For safety leaders trying to move from concern to action the benefits are significant: 

  • When assessments get delayed, TuMeke gives teams a way to capture real work and move faster from observation to risk visibility.
  • When a short walk-through misses the real exposure, video-based movement analysis gives safety and operations teams a shared view of the task.
  • When multiple jobs look uncomfortable, risk scoring and dashboards help teams compare tasks and decide where to focus first.
  • When different sites assess similar work differently, a more standardized assessment process helps corporate safety teams compare ergonomic risk across locations.
  • When findings stall after documentation, reports and recommendations give teams a clearer handoff for follow-up.
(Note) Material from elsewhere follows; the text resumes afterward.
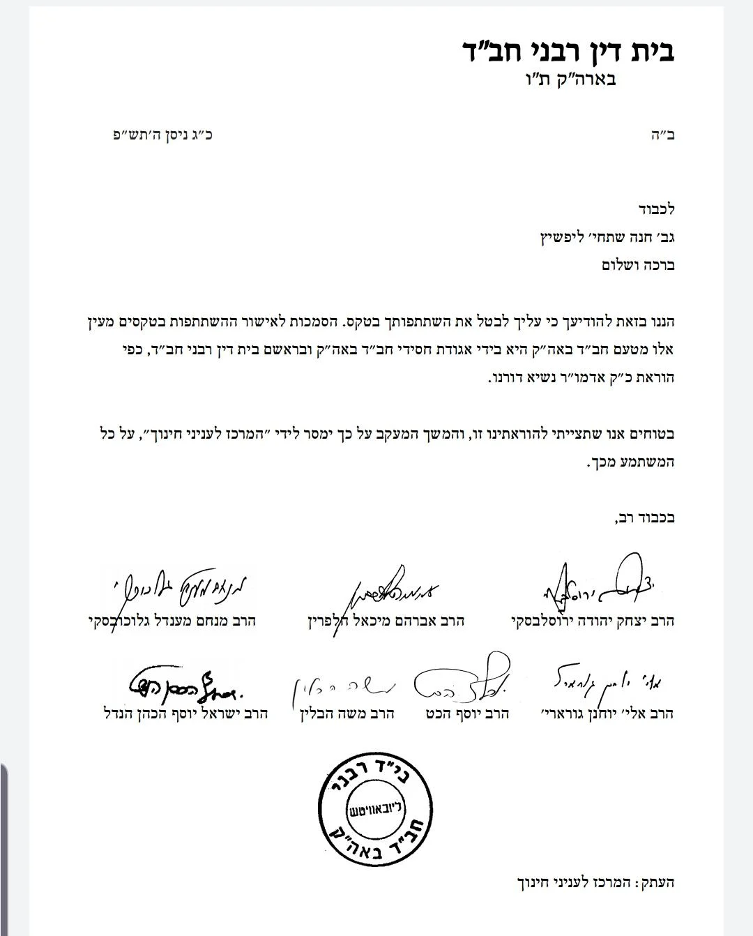 מאגודת חסידי חב"ד נמסר: "הסמכות לאישור ההשתתפות באירועים ציבוריים מטעם חב"ד באה"ק, היא בידי אגודת חסידי חב"ד, ובראשם בית דין רבני חב"ד, כפי הוראת כ"ק אדמו"ר נשיא דורנו. תנועת חב"ד, שמפעילה אלפי מוסדות ובתי חב"ד של שליחים מסורים, חייבת לפעול אך ורק על פי הפרוטוקול והסדר שהטמיע בה הרבי בעצמו, וכל עקיפה של הסדר הנ"ל, עלולה לפגוע בעבודה הנפלאה והחשובה שנציגי חב"ד ברחבי העולם עושים מידי יום ביומו. אנו מודים לצוות בראשותה של השרה מירי רגב על הרצון להעריך את העבודה המרשימה שנעשית בכל העולם כדי לחבר את כל גווני עם ישראל, ונמשיך לעשות ככל יכולתנו כפי שציווה עלינו הרבי לאורך כל השנים".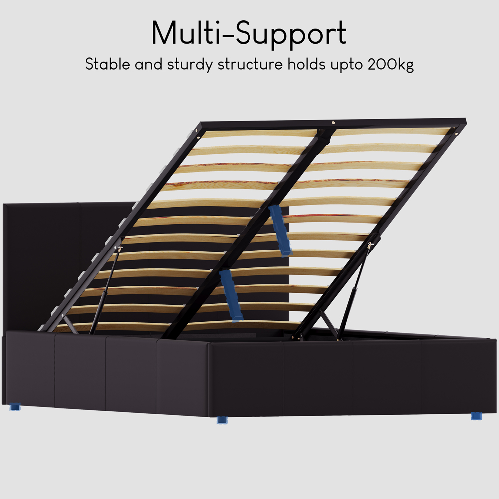 Beneath the surface lies a spacious ottoman storage area, easily accessed with a smooth, hydraulic lift mechanism. Keep your bedroom clutter-free by discreetly storing extra bedding and more. The slatted base provides excellent mattress support and ventilation, ensuring a comfortable and hygienic night's sleep.

TuMeke helps teams see the task more clearly, assess ergonomic exposure more consistently, and prioritize improvements before strain turns into injury.

Start your free trial today and see how TuMeke helps safety teams identify ergonomic risk earlier, standardize assessments, and prioritize fixes before strain turns into injury.

FAQ

What are examples of leading indicators for ergonomic risk?

Examples include discomfort reports, repeated first aid cases, high-risk movements observed during tasks, worker feedback, near misses, unfinished corrective actions, and jobs with frequent manual handling. OSHA’s program evaluation guidance supports using leading indicators to track prevention activity before injuries occur.


How can a safety team start moving safety forward without launching a major new program?

Start with one high-exposure task. Pick a job with repetitive handling, awkward reach, forceful exertion, or repeated complaints. Talk with workers, observe the task during normal pace, document the exposure, choose one practical improvement, and recheck the task after the change. A small focused review beats a broad campaign with no follow-up.


Why is ergonomic risk hard to catch early?

Ergonomic risk often builds over time. One lift, reach, or bend may look manageable, but repetition, duration, force, pace, and awkward posture can create exposure across the shift. OSHA’s ergonomics guidance highlights these types of risk factors and encourages an ongoing ergonomic process.


Does TuMeke replace an ergonomist or safety professional?

No. Ergonomists and safety leaders still play a critical role in evaluating the work, selecting controls, involving workers, and confirming whether changes improved the task. TuMeke is designed to help safety teams speed up and scale their ergonomics programs by supporting assessment, documentation, prioritization, and follow-through. Because it does not require deep ergonomics expertise to use, it also helps more safety professionals confidently spot ergonomic risk and bring clearer insights back to the team.